We have the information about various Indian dishes, their ingredients, their place of origin, etc
![image.png](attachment:image.png)

## Column Description

name : name of the dish

ingredients : main ingredients used

diet : type of diet - either vegetarian or non vegetarian

prep_time : preparation time

cook_time : cooking time

flavor_profile : flavor profile includes whether the dish is spicy, sweet, bitter, etc

course : course of meal - starter, main course, dessert, etc

state : state where the dish is famous or is originated

region : region where the state belongs

Presence of -1 in any of the columns indicates NaN value.



In [None]:
#importing all the necessary libraries

#for mathematical operations
import numpy as np

#for data manipulation
import pandas as pd

#for data visualisation
import matplotlib.pyplot as plt
import seaborn as sns

#for ignoring warnings
import warnings
warnings.filterwarnings("ignore")

#for data profiling
import pandas_profiling

In [None]:
#Reading the dataset
data = pd.read_csv('../input/indian-food-101/indian_food.csv')

In [None]:
#Checking the head of the data
data.head()

In [None]:
#Checking the tail of the data
data.tail()

In [None]:
#Checking the shape of the dataset
data.shape
print("There are {0} rows and {1} columns in the dataset".format(data.shape[0],data.shape[1]))

In [None]:
#Replacing all the -1 values in the categorical and numerical columns with nan 
data= data.replace('-1',np.nan)
data = data.replace(-1,np.nan)

In [None]:
#complete report of the data
pandas_profiling.ProfileReport(data)

**Pandas profiling** is an open source Python module with which we can quickly do an exploratory data analysis with just a few lines of code. In short, what pandas profiling does is save us all the work of visualizing and understanding the distribution of each variable.
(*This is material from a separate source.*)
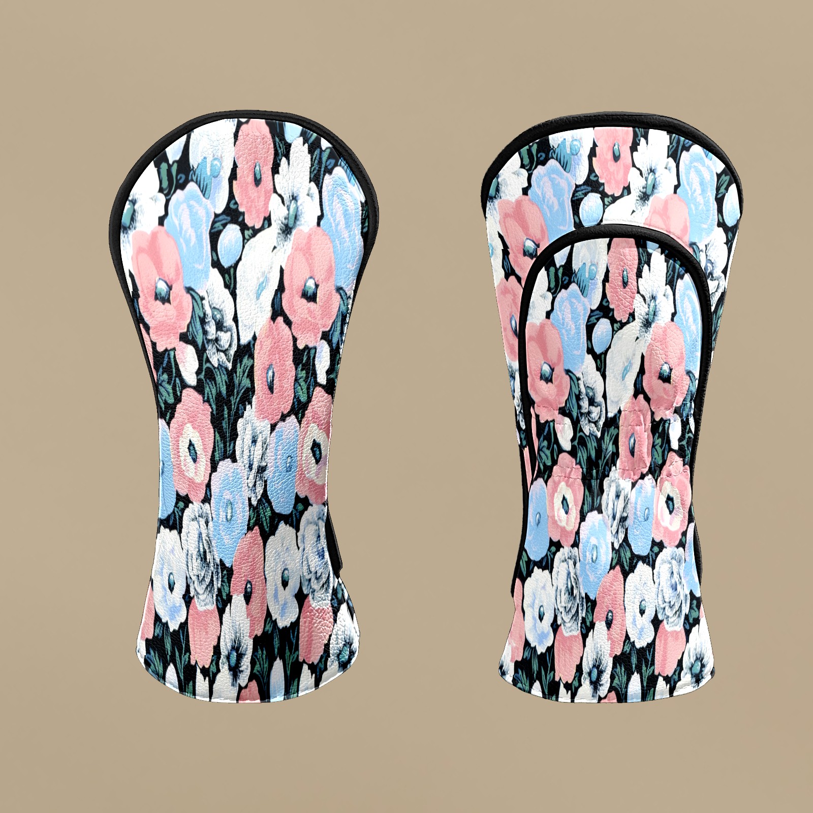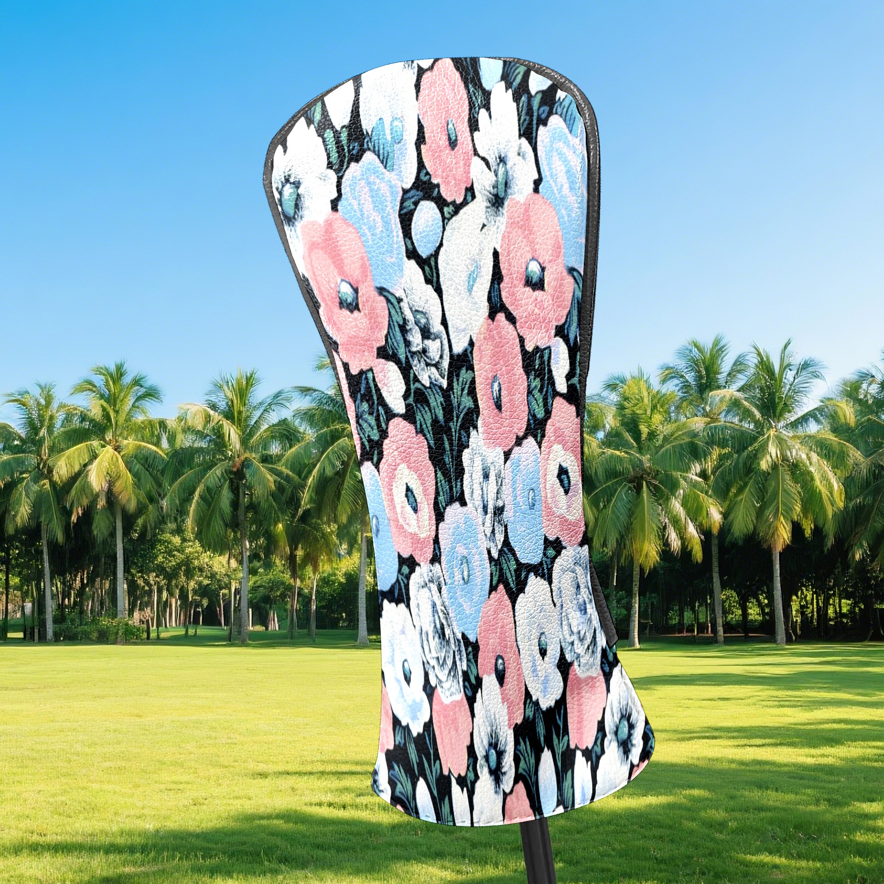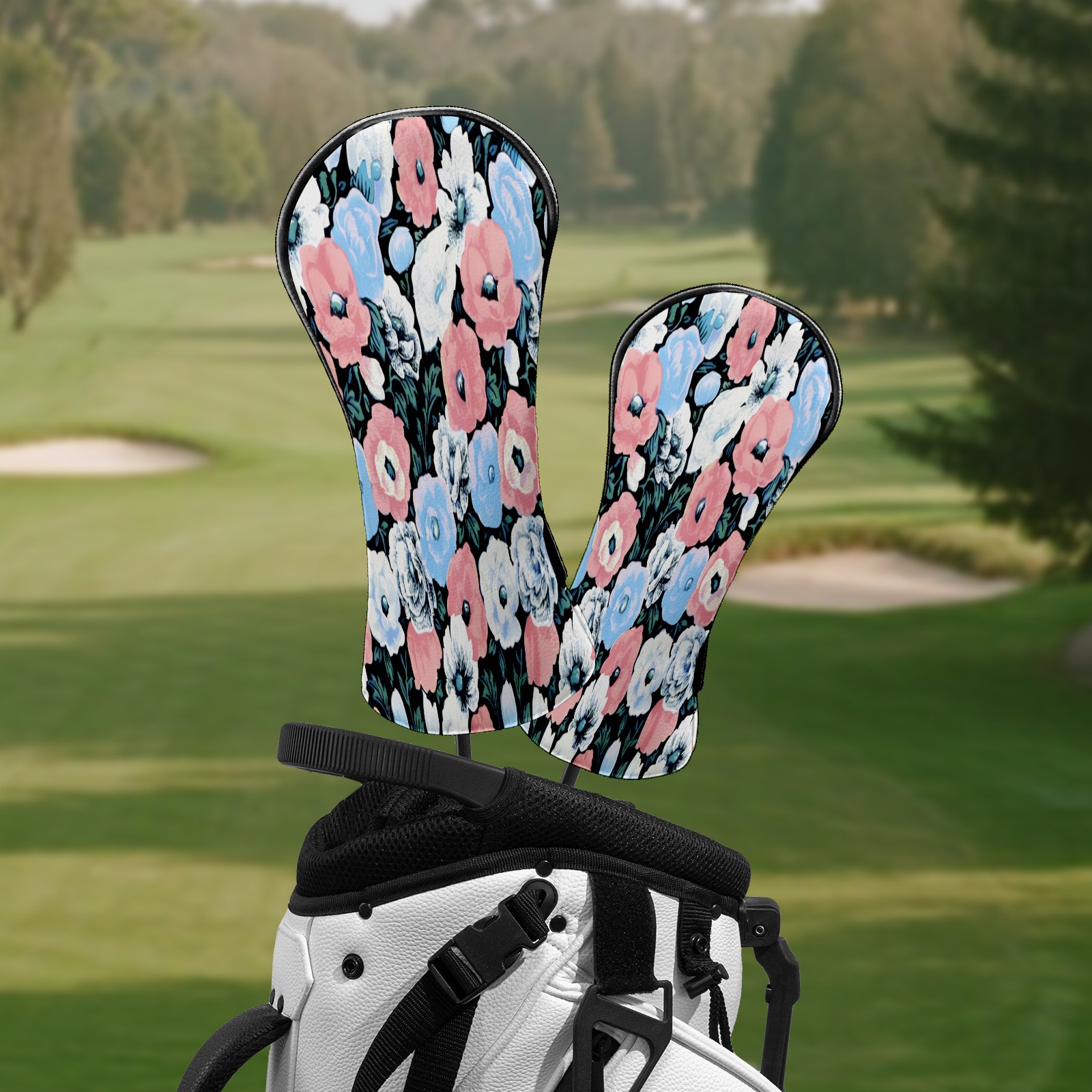Golf Head Covers for Woods and Driver Waterproof Leather Golf Club Head Covers for Women Men Golf Driver Fairway Wood Headcover Soft-Toned Flower Mural

We got the quick review of the data with just one line of code.
Pandas Profiling Report contains 6 segements
1. **Overview**:- Where you get the dataset statistics and variable types
2. **Variables**:- Here you get the complete detail of each and every variable like the number of unique values, missing values, data type, cardinality and distribution plot. While you click on Toggle details, you get the common values, length, characters in the variable.
3. **Interactions**:- Under this part, you can see the scatter plot between any two continuous variables.
4. **Correlations**:- Under this part, you get the four type of correlation between continuous variables and you can even see the details of any particular type of correlation by clicking on Toggle correlation descriptions.
5. **Missing Values**:- Under this part, you get to know the missing values in differnet variables.
6. **Sample**:- Here to get the first five and last five rows of the datset

In [None]:
data['diet'].value_counts()

In [None]:
data['course'].value_counts()

In [None]:
data['flavor_profile'].value_counts()

In [None]:
data['state'].value_counts()

### First of all, we are going to take out some insights from the categorical variables.
So, first, lets check only the categorical variables of the dataset using select_dtypes function

In [None]:
#Checking the head of only categorical variables
data.select_dtypes('object').head()

#### Now lets check the distribution of Veg vs Non Veg dishes with the help of pie chart and count plot.
We can observe that there are more number of veg dishes than the non-veg dishes.

In [None]:
#Setting the style and background of plots
plt.rcParams['figure.figsize'] = (15,6)
plt.style.use('fivethirtyeight')

#Countplot of Veg/Non-Veg
plt.subplot(1,2,1)
sns.countplot(data['diet'])
plt.title("Count Plot of Veg/Non-Veg")

#Piechart for Veg/NonVeg
plt.subplot(1,2,2)
x = data['diet'].value_counts()
explode = [0.1,0]
labels = ['Veg','Non-veg']
plt.pie(x,explode=explode,labels=labels, autopct = '%.2f%%')
plt.title("Pie Chart showing the distribution of Veg/Non-Veg")
plt.show()

It can be infer that there are more Vegetarian dishes than Non-Vegetarian.
About 89% dishes are vegetarian and about 11% dishes are non vegetarian.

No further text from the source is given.